What is an Imbalance Zone? 💡
An imbalance zone is an area on the chart where either buyers or sellers were clearly stronger, causing price to move quickly in one direction, with very little resistance from the other side. For example:
- If there were many aggressive buyers and very few sellers → price jumps up quickly → this creates a buying imbalance.
- If there were many aggressive sellers and few buyers → price drops fast → that's a selling imbalance.
Later, price often comes back to these zones to "retest" or "rebalance" before continuing.

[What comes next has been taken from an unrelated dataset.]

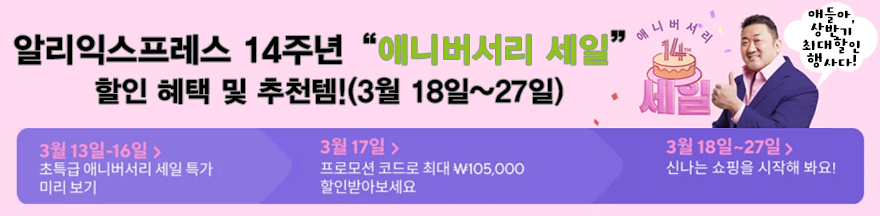 알리익스프레스 14주년 할인행사 '애니버서리 세일' 할인 혜택 및 할인코드(3월 18일부터)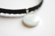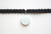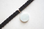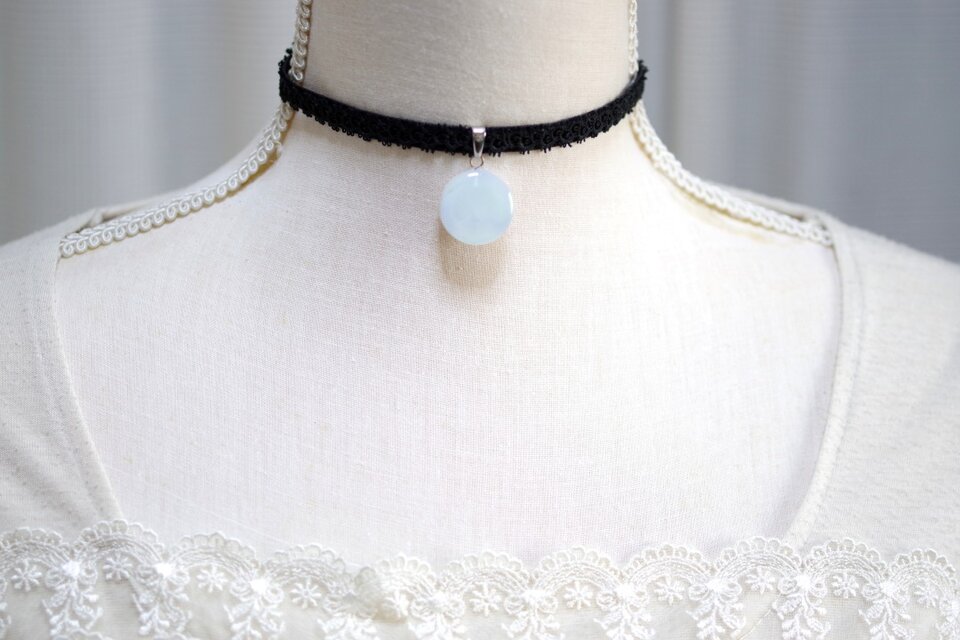 白と見まがうほどに淡い水色が優しい印象を与えるレジンを、ベルベットリボンにタティングレースで装飾を施したチョーカーに仕上げました。

3 Reasons Why Imbalance Zones Are Highly Reliable in Trading
- Revealing Market Sentiment: When price moves fast without hesitation, that usually means either buyers or sellers didn’t show up to defend that level. That’s imbalance and it gives you a window into who’s not participating, which reveals market sentiment.
- Big Players’ Footprints: Institutions don’t enter quietly. When they place large orders, they often leave behind sharp moves and unfilled areas—what we call imbalance zones. These are the "footprints" you can track to follow their activity.
- Aligned with Market Theory: According to common market theories, price tends to revisit areas where a lot of trading interest showed up before. Imbalance zones often highlight these areas—making them great spots to watch for future reactions.
5 Common Ways to Spot Imbalance Zones
- Using Footprint Charts: These special charts show who is in control: buyers or sellers. When you see lots of buying with little to NO selling response, or the opposite, it shows a clear imbalance.
- Using Volume Profile: If you see a price area with very low volume, but price passed through it very fast, it means there was little interest from the opposite side, which is a past imbalance.
- Reading Price Action: When price moves very fast in one direction without pullbacks or hesitation, that usually means the other side wasn’t strong enough to stop it, indicating an imbalance. Price may return to that zone later to "fill the gap" or balance out.
- Watching the Order Book (DOM): If one side (buyers or sellers) suddenly places many orders or pulls their orders away, that shift can signal an upcoming imbalance.
- Tracking Market Orders: If many people are aggressively buying, and price keeps going up with no pushback from sellers, that’s a sign of a buying imbalance.
2 Indicators That Make Imbalance Zones Easy to Trade
Rather than manually scanning every chart and candle, you can use indicators designed to detect these zones in real time. At ninZa.co, we’ve developed 2 indicators that do exactly that, each based on a different approach to imbalance detection.
Imbalance Volume Sensor
(Built on Footprint Logic)
Imbalance Volume Sensor uses advanced order flow analysis to detect true imbalance zones, which are areas where one side of the market is entirely absent. It goes deep into tick-level data to reveal where either buying or selling pressure completely disappears.
The indicator identifies 2 key types of zones:
- Overall Imbalance Zones, where a dominant buy or sell imbalance exists across multiple candles.
- Absolute Imbalance Zones, where the absence of one side reaches an extreme level, helping you fine-tune entries or scale larger positions with greater precision.

Imbalance Profile Lidar
(Built on Price Action Principles)
Imbalance Profile Lidar automatically detects volume concentration zones using price action and imbalance phases. No manual drawing required. It identifies key value areas, POC zones, and imbalance signals to reveal where buying or selling pressure dominates.
By combining price action with volume profile logic, it helps you:
- Spot imbalance zones that often precede sharp price moves
- Understand who’s in control, buyers or sellers, within specific price ranges
- Receive trading signals based on volume concentration and price behavior.

Both indicators aim to do the same thing: Help you detect imbalance zones that carry weight. The difference lies in the lens you prefer: volume-based insight or price-based clarity.
Whatever your trading style, learning to work with imbalance zones can give you an edge, not by predicting the future, but by understanding the footprints of intent that the market leaves behind.